A smarter test for public money
Before you back another AI initiative, run this quick test. If you can't answer "yes" to at least one of these with evidence, don't spend.
- Is there a clear market failure (national security, basic science, public goods)?
- Are benefits broad and hard for private investors to monetize?
- Will the program create knowledge, standards or security that industry won't fund on its own?
- Is this time-limited, with measurable outcomes and a real exit?
Good targets vs. bad targets
- Good targets: defense applications, basic research, safety and security testing, secure compute for classified work, open benchmarks and standards, privacy-preserving methods, evaluations that reduce systemic risk.
- Bad targets: commercial data centers and cloud buildouts that private firms are already racing to fund; generic workforce subsidies without proof of net public benefit.
Remember Solyndra
Industrial policy often spreads money based on geography and interest groups, not technical due diligence. We've seen how that ends. Solyndra's $535 million loan guarantees were justified as risk-taking for a worthy cause - then collapsed.
That rationale doesn't fit AI. Unlike early solar, AI is saturated with private capital. Piling taxpayer dollars on top of already-profitable projects won't move the needle on the public interest.
China is a security problem - commercial subsidies aren't the solution
Concerns about Chinese government progress in AI are real and should focus attention. But the pressure point is defense and high-end research - not commercial data centers that Big Tech and VCs already fund. If you want to strengthen the U.S. position, invest where private firms underinvest and where spillovers are national, not just corporate.
Practical guardrails for agencies
- Define the market failure: Put it in writing. Cite evidence.
- Target the gap: Limit awards to clearly public-benefit outputs (e.g., open evaluations, standards, secure testbeds).
- Use performance-based funding: Milestones, not lump sums. Tie payments to verifiable results.
- Insist on competition: Open solicitations, transparent criteria, independent review.
- Add time limits and sunsets: Every program gets an end date and an off-ramp.
- Protect taxpayers: Include clawbacks and equity/royalty provisions where appropriate.
- Publish outcomes: Share data, methods and lessons learned unless classified.
What to do this quarter
- Shift funds toward defense research, basic science and security evaluation programs with clear spillovers.
- Stop subsidizing commercial data center capex. If agencies need compute, buy it as-a-service and competitively bid it.
- Back open testing, benchmarks and red-teaming that reduce systemic risk and inform procurement.
- Streamline permitting and interconnection for critical infrastructure rather than paying firms to build what they already plan to build.

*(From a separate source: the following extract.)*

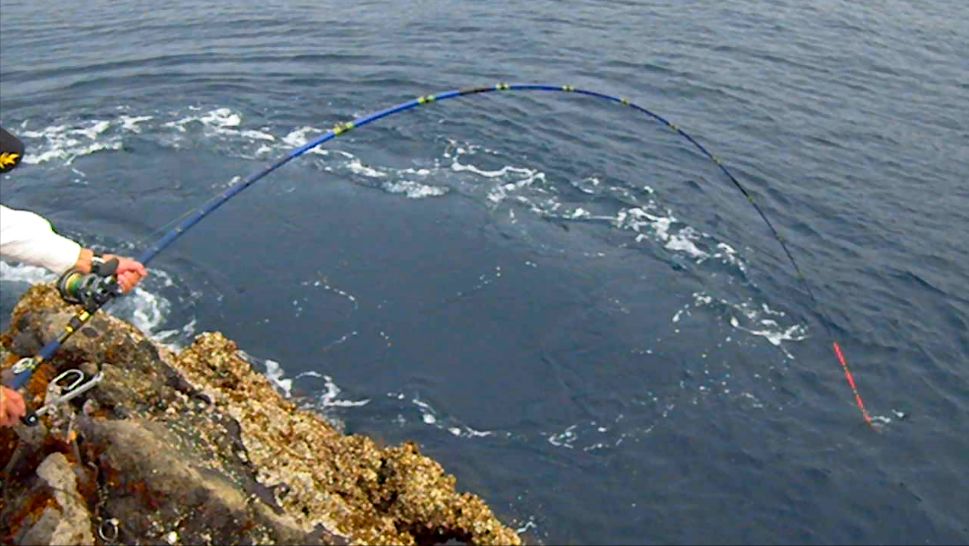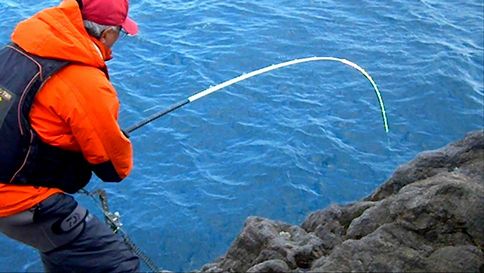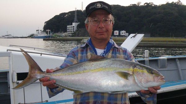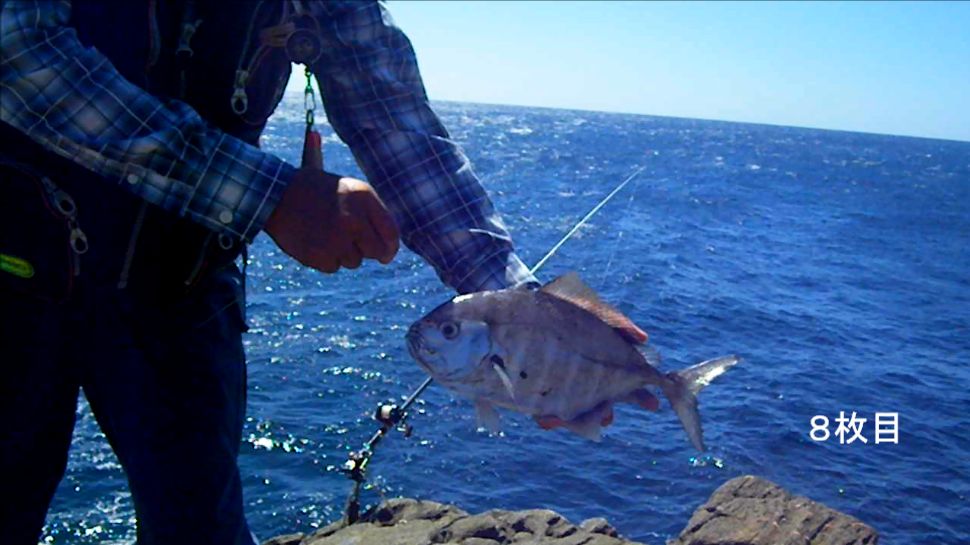 大阪在住の超竜の持ち主の村山さんと神津島に釣行し,タタキ根に乗ることができました。潮は,竿下にちょうど良い速さで,第1投目から当たりが出る状況でした。しかし,小型が多く,なかなか舞い込まない状態が続きました。そして,先調子で食い込みの良い超竜がようやく舞い込みました。上がってきたのは,37cmのワサでした。その後は,42cmまでのワサを4枚釣りました。昼近くに潮が逆になり,裏側へ場所を移動し,2枚を釣ることができました。私は,2枚しか釣れませんでしたが,楽しい釣行となりました。村山さんは,8日も神津島で竿をだし,4枚,釣ることができました。これで,私の今年の釣果は計30枚となりました。 |
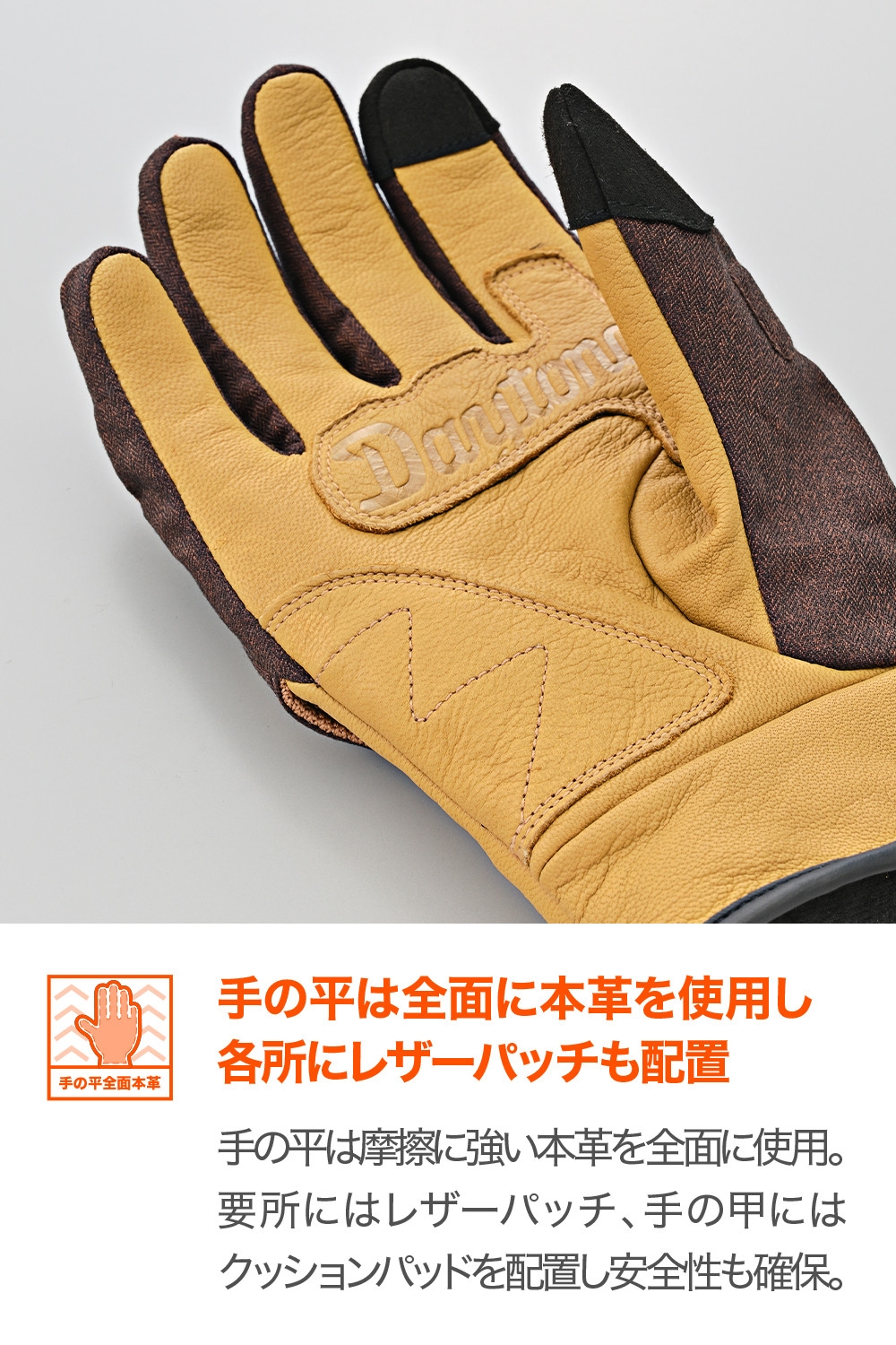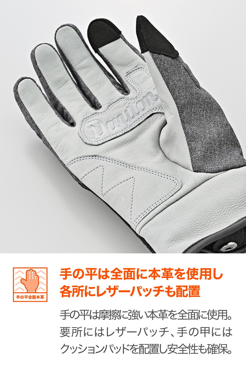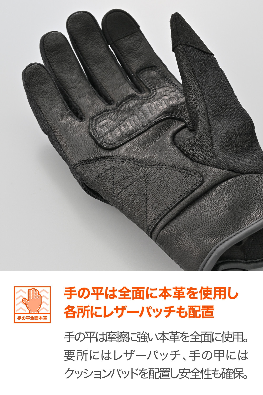 手の平は全て本革で、各所にレザーパッドを配置して手をしっかり保護します。

Standards and discipline help you say "no" with confidence
Use established playbooks. Benefit-cost principles and independent cost estimation are built for this. If a proposal can't clear those bars, it shouldn't clear your desk.
Upskill your workforce - without subsidizing industry
Agencies do need internal capability. That's different from subsidizing the commercial market. If your team needs practical training by role, start small, set outcomes and fund what improves mission delivery.
See curated AI courses by job role for planning internal upskilling.
AI may reshape the economy. That's the point - and the warning. In a capital-heavy boom, restraint beats subsidies. Put taxpayer money where markets won't go on their own: defense, basic research and security.